About the shows, When we are at the shows we are there to represent QSI Solutions. QSI, as a lot of you know are designers but not manufacturers, they design this stuff but someone else manufacturers it, like train OEM's.The QSI product line for Large Scale is owned and distributed by American Hobby Distributors (Tony's Train Exchange). We, Throttle-Up, Inc. Have been working with QSI (the designers) and Tony since the products inception for large scale. Because of this relationship, Tony usually asks us to do the large scale shows because of our history with the product line and our large scale experience. Our company actually does much more than just QSI, but at the shows we are only representing QSI. So sorry for any confusion, please keep in mind that Tony sends us only because he wants to have the most knowledgable people at the shows to answer your questions about the product line, and trust me, all your comments and feedback does get back to the designers.
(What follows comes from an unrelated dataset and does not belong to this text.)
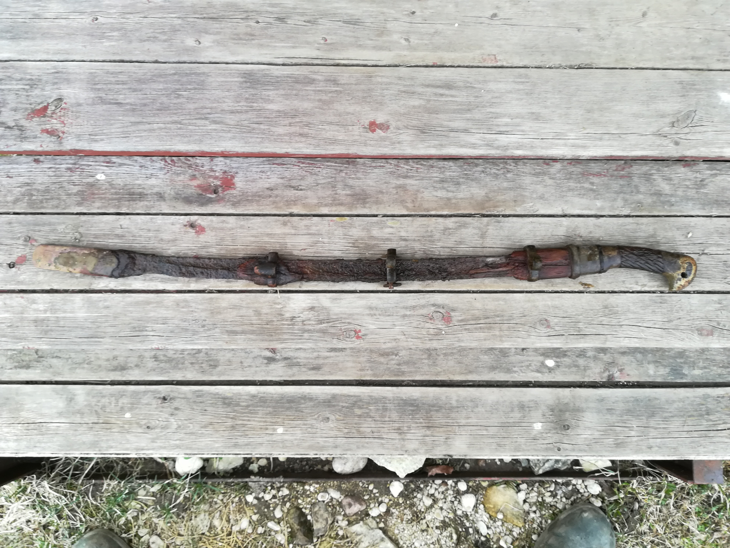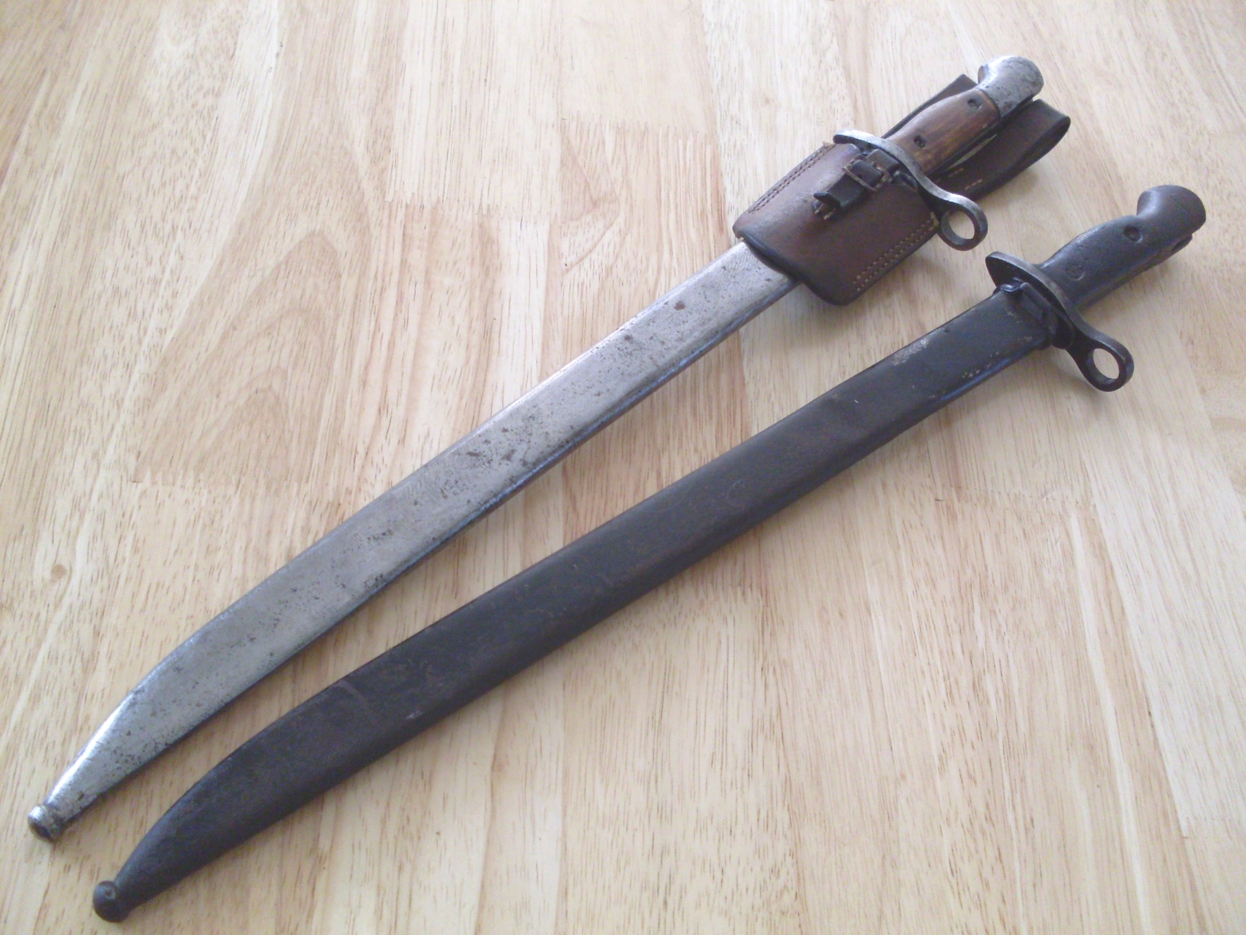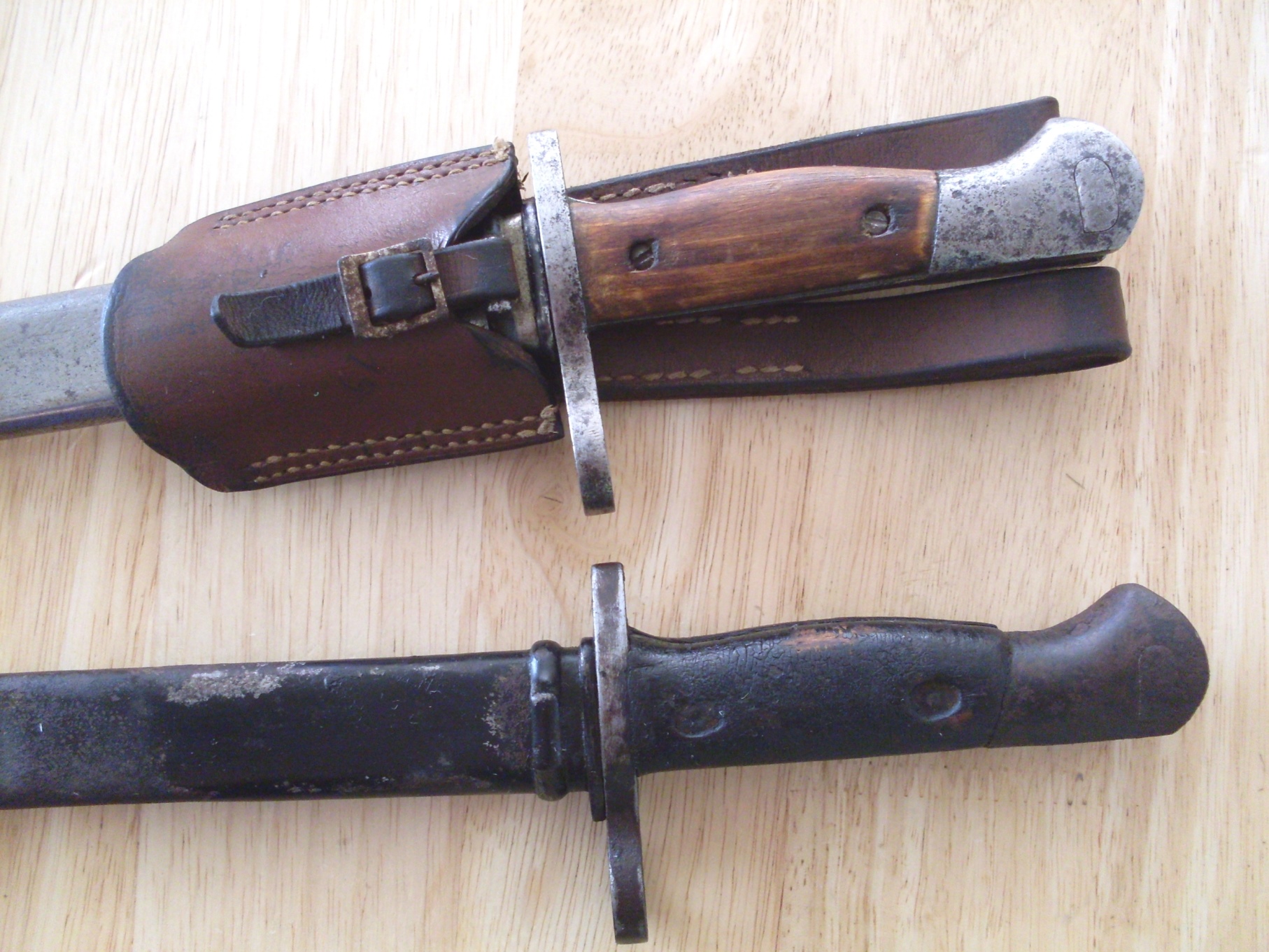 Mosina täägitupe uhkem versioon, ehk siis 1936 ratsaväeväitsa NKVD versioon (?), mille tupel on 3 järjestikust aasa, kuhu kinnitada mossina tääk. Mis arvate, kas jätan nii nagu on (lasen sellisel kujul ära konserveerida)? või teeks uue tupe ning ajaks vaskosad läikima, et väliselt seinal vähemalt ilus välja näeks? Tera puhul midagi väga päästa pole, hape või lüüs sööks selle päris ära.... Praegu istub vees, vastasel juhul jääks käepideme puidust ilma.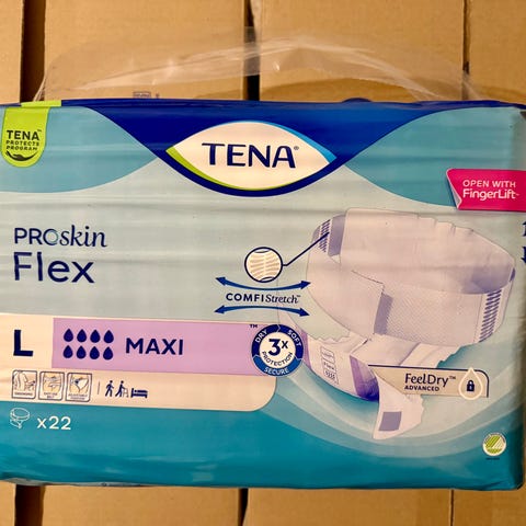 TENA ProSkin Flex aikuisten vaippa, koko L. Vyöllinen suoja keskivaikeaan ja vaikeaan virtsankarkailuun. Sopii naisille ja miehille. Päivä- tai yökäyttöön. Lateksiton.

I hope this helps to answer your questions. We usually don't post to the forums to eliminate any concerns about solicitation. But we do try and check-in every now and again to see what going on.

If we can provide any more information please don't hesitate to get in touch with us, or the staff at American Hobby.

Thanks

mikE


----------



## Bob in Kalamazoo (Apr 2, 2009)

So Mike, or anyone elase who knows. Does this, "American Hobby Distributors (Tony's Train Exchange)" mean that American Hobby Distributors is Tony's Train Exchange? I sent a QSI decoder back to them, American Hobby Distributors, a few months ago for repair and they replaced it with a new one at no charge to me. Fast service too. I was very pleased. I've dealt with Tony's in the past also and been very happy. 
Bob


----------



## Greg Elmassian (Jan 3, 2008)

Yep, basically all the same. I have same experience with Tony's / AHD / QSI Solutions ... 

Greg


----------



## Bob in Kalamazoo (Apr 2, 2009)

Posted By Greg Elmassian on 23 Nov 2010 01:38 PM 
Yep, basically all the same. I have same experience with Tony's / AHD / QSI Solutions ... 

Greg Well, that's good to know. It will make future purchases a lot easier. 
Thanks,
Bob


----------